Of course, Graves actually reprises the blame-the-artist-for-piracy theme because he wants to point readers to a remarkably obtuse statistic presented by Techdirt founder Mike Masnick’s very own, brand-new “think tank” called Copia.  The stat says that, “55% of 18-29 year-olds pirate LESS when offered a free, legal alternative.”  Wait for it. It’ll happen…

I’m no longer amazed at the capacity some people have for presenting bad news as if it were good news.  Because somehow Copia et al think nobody will notice that the truly stunning fact revealed by this stat is that 45% of the demographic will continue to pirate as much as ever no matter what free, legal alternatives are available.  But creators should feel molified by the prospect that the other 55% of the market will pirate less!  It is certainly indicative of a Kool-Aid narcosis that Techdirt, Copia, and R Street would even present these data with a straight face. After all, if one were to provide the same market research to the dumbest investor on earth, no matter what the business sector, he would tell you that no investment will be forthcoming.  Try pitching investors and telling them that 45% of the target market is guaranteed to steal from you while 55% of the market will only steal some from you, and watch what happens.

Perhaps most importantly, R Street in particular should be held accountable for republishing an article that completely misrepresents the facts in what is commonly called the “dancing baby” case.  Graves writes …

“Famously, Prince, via Universal Music, was behind the “dancing baby” DMCA lawsuit, which featured Prince’s “Let’s Go Crazy” playing faintly in the background of a short clip as a toddler danced. Ultimately our friends at EFF, who were representing defendant Stephanie Lenz, prevailed on their fair use claim.
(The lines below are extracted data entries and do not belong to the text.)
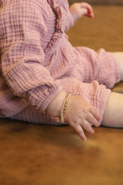 Meet the Avery! (Little girls and pink just go together, don't you think?) This bracelet features gorgeous light pink crystals as well as 18k gold plated stainless steel beads- they are the HIGHEST quality and are waterproof and won't tarnish! This double layered bracelet gives the double stacked bracelet look with the ease of just one clasp. It has no stretch but features a half inch extender chain to get a customized fit on your little! And in case you're interested in matching... this bracelet comes in adult sizes too!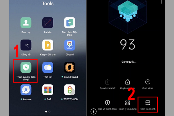 Bước 1: Mở app Trình quản lý điện thoại >> Chọn Kiểm tra nhanh.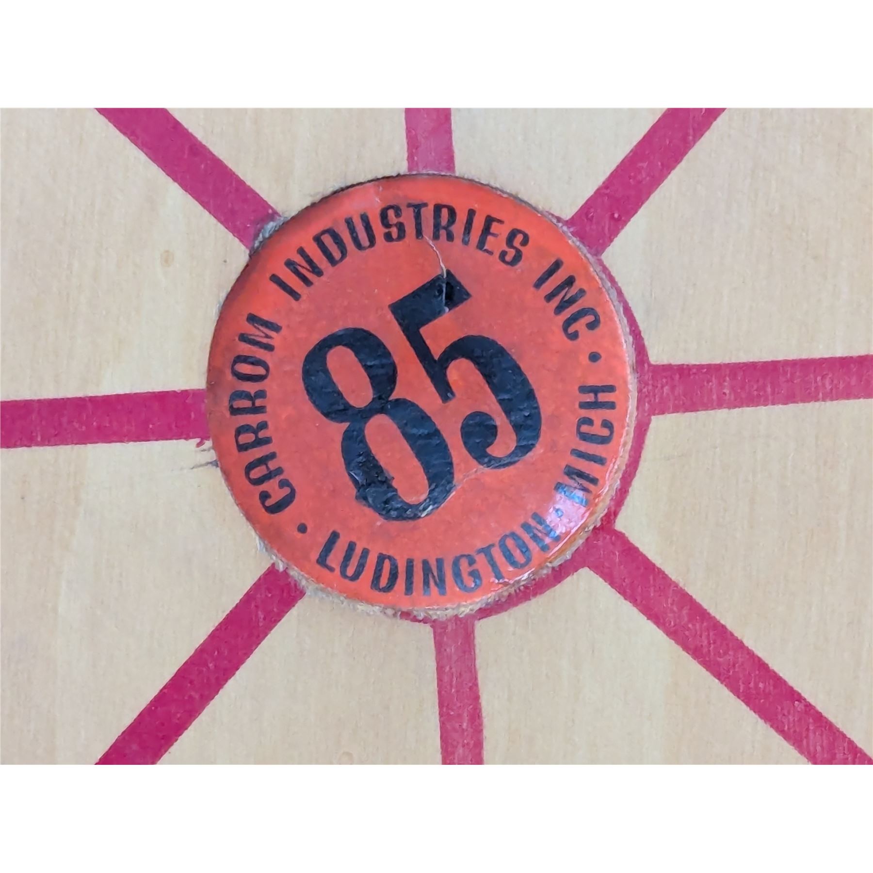 The vintage board in the image from the mid-20th century, manufactured by CARROM INDUSTRIES INC. Ludington, Michagan.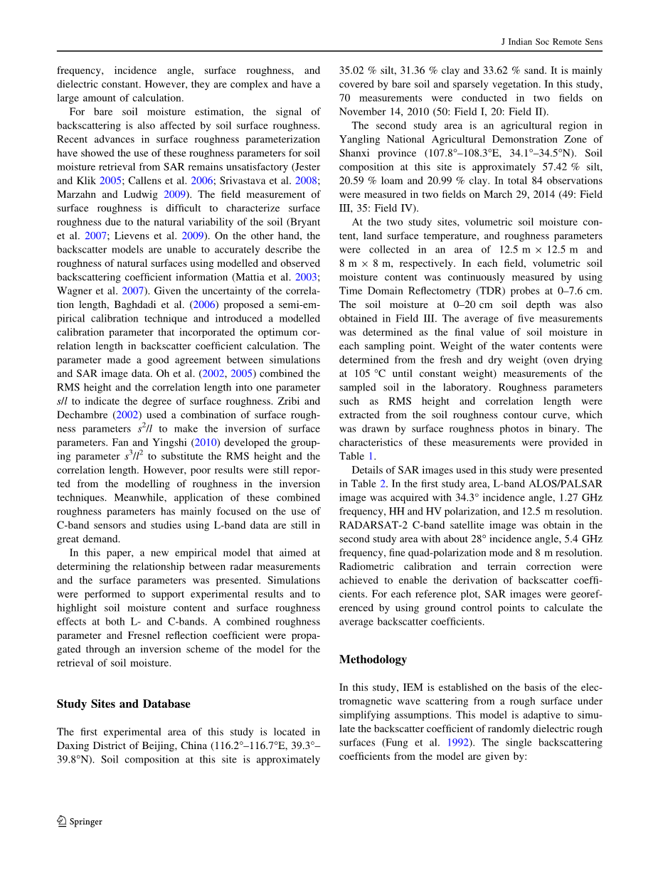 如上所述,IEM可以通过利用适当的土壤中的含水量和具有特定粗糙度参数的自相关函数来有效的再现后向散射系数。但是,估计的精度差,RMSEs为3-4dB,偏差为7dB.有研究报告指出粗糙度参数的测量无法达到良好的准确度(Oh and Kay1998; Verhoest et al. 2008)。在本研究中,建立了一个有效的模型,通过引入组合粗糙度参数和菲涅尔反射系数来提高IEM的性能。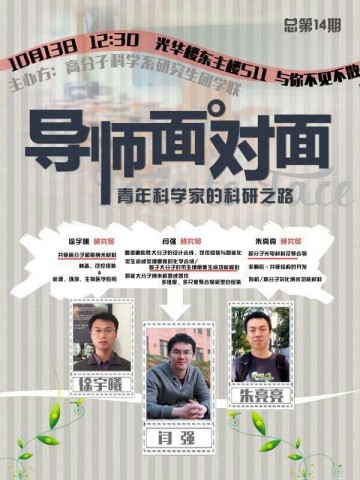 10月13日中午,由高分子科学系研究生团学联主办的第十四期“导师面对面”座谈会在光华楼东主楼511顺利进行。本次座谈会的主题是“80后青年科学家的科研之路”。本次座谈会特邀我系2015年最近引进的三位青年教师徐宇曦、闫强以及朱亮亮老师,与同学们进行了面对面的交谈。系党委副书记朱莹出席当天活动,座谈会由高分子科学系14、15级硕士研究生辅导员谢可可主持,我系研究生、本科生等60多名同学济济一堂,共同参加了当天的座谈会。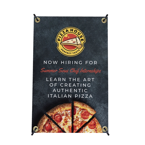 - Banner is single-sided, ensuring your message pops without competing for attention.
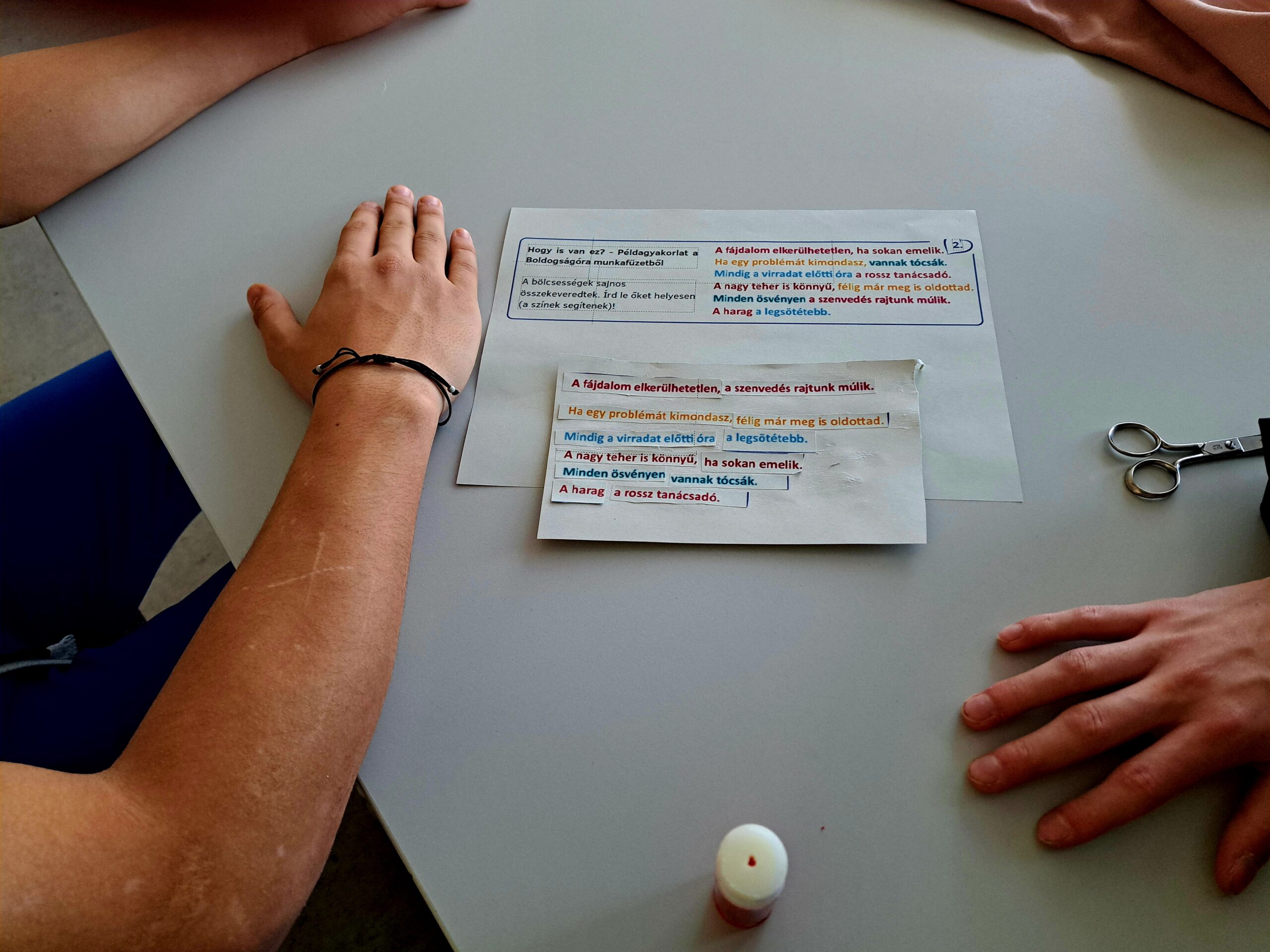 Nagyon élvezetes volt a feladat számunkra. Külön öröm, hogy a gyakorlati, praktikus dolgokat: a színek felismerését, a vágást és a ragasztást összekapcsoltuk a beszélgetéssel. Így mindenképpen jobban rögzülnek a bölcsességek adta jó túlélési ötletek, technikák és megküzdési stratégiák.

In 2013, EFF awarded him their “Raspberry Beret Lifetime Aggrievement Award” for “extraordinary abuses of the takedown process in the name of silencing speech.”

Setting aside the relatively minor detail that Prince himself was never directly involved in this case, the most important fact is that EFF sued UMG after the Lenz video was actually restored to YouTube via counter-notice procedure; and nobody ever sued Stephanie Lenz–at least not pertaining to this matter.  The reader is free to review the facts of this eight-year litigation and decide for himself whether the temporary takedown of the “dancing baby” video represents “award-winning” abuse of DMCA—or if perhaps the EFF chose this case because it would inevitably lead to misrepresentation exactly like the quote above.  “Prince sues mom and baby” makes good drama, but it just didn’t happen.  And to say that it did in the immediate aftermath of this artist’s passing is as rude as it is irresponsible.

As for Zach Graves’s concern that Prince’s music may not “reach a new generation of fans” due to its absence from certain free platforms, I’d like to tell him not to worry.  Prince’s work has touched millions of people and influenced thousands of other musicians around the world. It will transcend generations in spite of what web platforms have done to culture and memory itself.  At the same time, although YouTube’s predatory and monopolistic strategy may position its platform as “essential” in a certain sense for musical artists, one must ask if this winner-take-all outcome is the kind of “free-market pragmatic approach” R Street policy hopes to support.  The idea that Prince’s music needs YouTube in order to live on in our cultural memory would be a quaint conceit if it were not the kind of arrogant proposition that has hypnotized many policy thinkers by means of ceaseless repetition.

Understanding DMCA with help from Michelle Shocked

It is a chronically repeated theme—and therefore a widely held misconception—that the DMCA is solely a mechanism for rights holders to unilaterally and unequivocally remove content from the Web “without due process.” In fact, this belief is so deeply ingrained that just citing the acronym by some journalists and bloggers is sufficient to denote censorship for many readers. We encounter language like censored by DMCA, speech chilled by DMCA, threatened with DMCA, and so on.  Unfortunately, this shorthand only perpetuates a general misunderstanding of what the DMCA is and how it works with regard to the remedies and counter remedies for alleged copyright infringements. As a result, critics who repeat this one-sided narrative can actually wind up frightening some of the very users and creators whose interests they claim to represent.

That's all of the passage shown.